Today on Moms Morning Show Kelly, Cara, Marie and I talked some more about being positive in business. Blog Talk Radio was having some issues and there was a bad echo until Marie hung up (sorry Marie!). So when she left the show, she left us with a question:

“How do you remain positive when you’re doing everything you should but have problems due to factors beyond your control?”

I thought that was a great question and my response was that the answer was self evident. Marie left the conversation due to her phone, but she gave us an interesting topic for conversation instantly (and due to some insomnia, I for one was feeling a little brain dead until then!).
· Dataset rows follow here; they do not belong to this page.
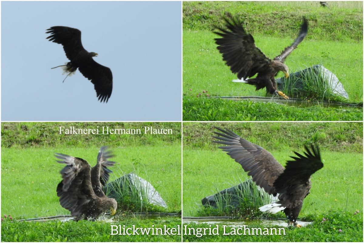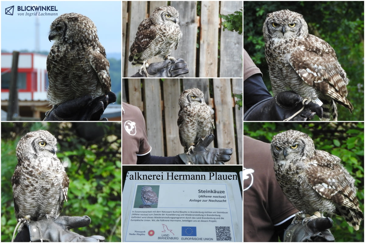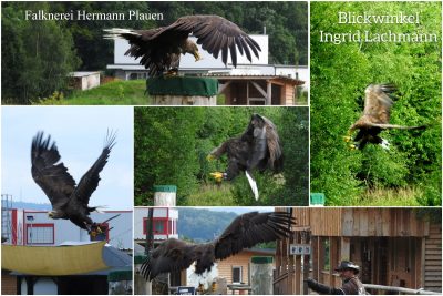 Mehrere Male habe ich schon die tollen Vorführungen in der Falknerei angesehen und ich bin immer wieder begeistert. Die folgenden Collagen in der Galerie sprechen davon. Meine Hochachtung und Bewunderung gilt dem gesamten Team und meine Ansichtskarten sind ein Geschenk und ein Dankeschön. Von Herzen gern teile ich den Link zu der Webseite : https://falknerei-herrmann.de/pages/de/start.php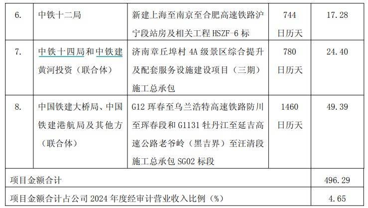 【大河财立方消息】11月17日,中国铁建发布公告,近期,公司中标8个单体15亿元以上重大项目,项目金额合计496.29亿元,占2024年度经审计营业收入的4.65%。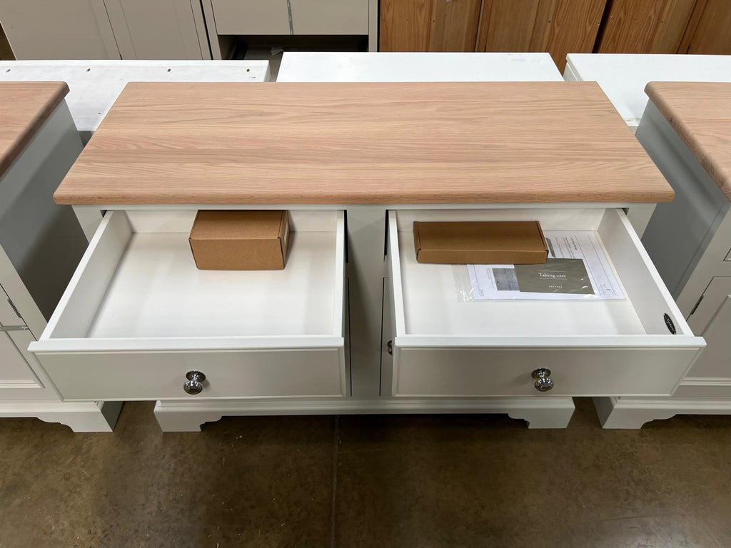 - Few scratches, marks, chips, dents and imperfections to the wooden top and across the painted finish of the sideboard, internally and externally

I shared how one day when I was all geared up to get some major work done, had the mommy’s helper over and a big fat to do list to accomplish, and my Internet went dead.
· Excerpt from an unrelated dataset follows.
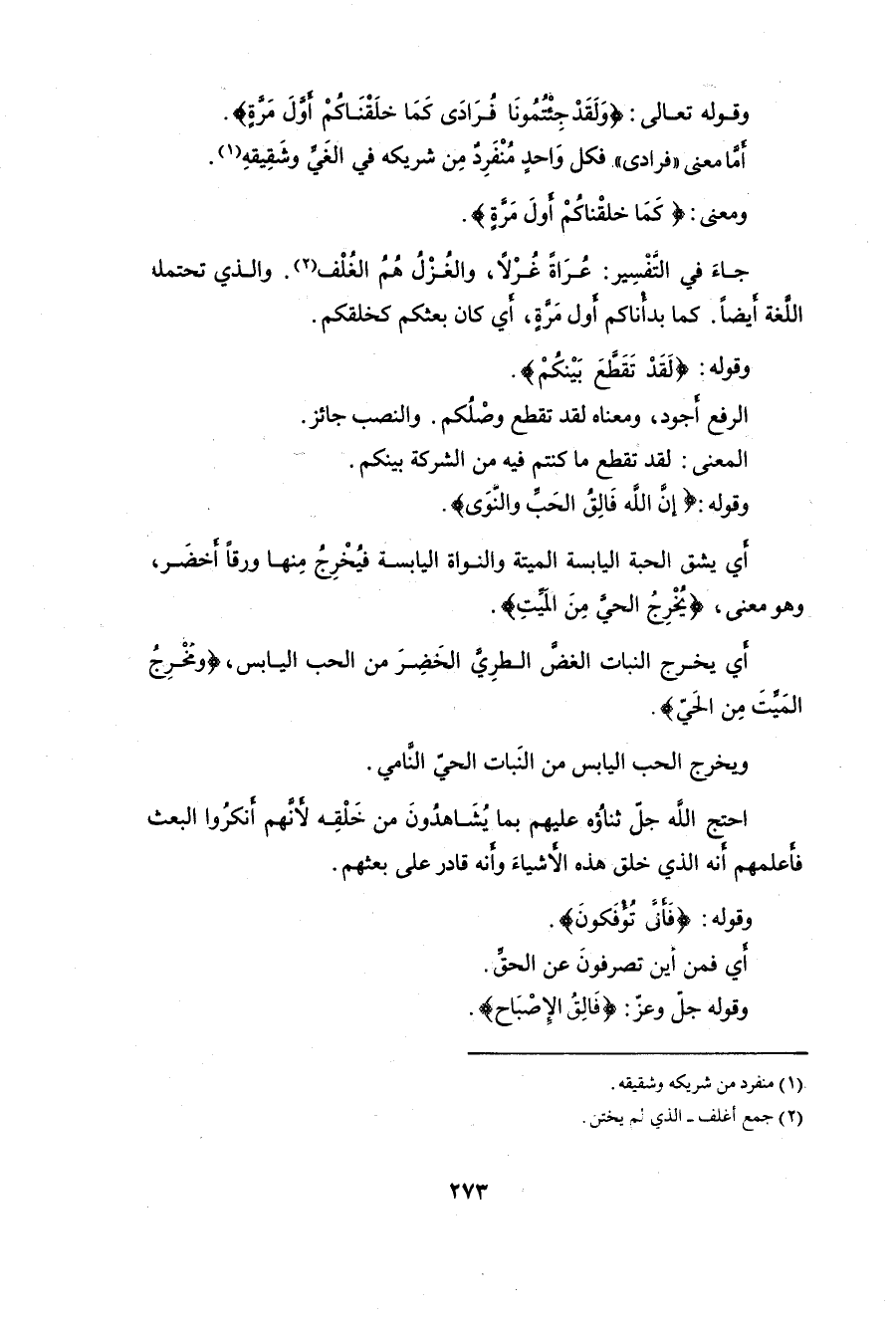 وقوله: (إِنَّ اللَّهَ فَالِقُ الْحَبِّ وَالنَّوَى يُخْرِجُ الْحَيَّ مِنَ الْمَيِّتِ وَمُخْرِجُ الْمَيِّتِ مِنَ الْحَيِّ ذَلِكُمُ اللَّهُ فَأَنَّى تُؤْفَكُونَ (95)

I tried all the usual things, but nothing was working. Later I found out that the internet was down everywhere in my neighborhood. At first I was really disappointed, but I decided to try to make the best of the situation. So I thought about what I *could* do, which was get on my computer and write.

But, that day ended up being one of the most productive days I’ve ever had, because I started my first information product. The rough draft was complete that day. Who knows how long I might have procrastinated on that, and income I would have lost out on. So, my thought was to try to make the best of the situation.
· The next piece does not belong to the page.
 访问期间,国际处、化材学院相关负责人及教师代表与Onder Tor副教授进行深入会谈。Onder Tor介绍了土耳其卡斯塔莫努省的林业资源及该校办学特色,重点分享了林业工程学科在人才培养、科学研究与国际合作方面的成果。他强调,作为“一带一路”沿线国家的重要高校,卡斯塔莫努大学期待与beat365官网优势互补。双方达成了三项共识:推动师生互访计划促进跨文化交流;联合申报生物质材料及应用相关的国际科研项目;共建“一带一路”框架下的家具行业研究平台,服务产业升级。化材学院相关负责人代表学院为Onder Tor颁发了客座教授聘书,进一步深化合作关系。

Secondly, language is very powerful. I remember reading a point in one of Anthony Robbins’ books about this. He suggested that we intentionally downplay our unpleasant feelings when we speak, and our emotions will follow suit. For instance, if we’re tired we should say “I’m feeling a bit tired today”, instead of “I’m so totally and completely exhausted!”. Or, instead of saying “It’s always something” or “If it’s not one thing it’s another”, say something like: “This is a little annoying, but I’ll work through it.”

Another thing I mentioned on the show is that if we have the expectation that life will behave, we’re setting ourselves up for major disappointment. Life doesn’t behave! Life is great but it doesn’t behave, so we can’t expect it to be trouble free.

Changing that paradigm will work wonders in our life.

I see parallels with parenting here. For one, we need to be careful about how we talk (even in our own minds) about our kids. With my oldest, I had difficulty teaching him how not to be bossy with other children. First, I switched “bossy” around in my head and turned it into “natural leader”.

So I would remind him that he was a natural leader, and that would serve him well in adulthood, but for now he needed to learn how not to turn other kids off when he interacted with them.

We also can’t expect our children to behave all the time, or to read our minds or meet our needs. They’re little people learning how to be in the world and get their needs met. They’re not misbehaving to get on our nerves. Keeping that firmly in mind makes things so much easier.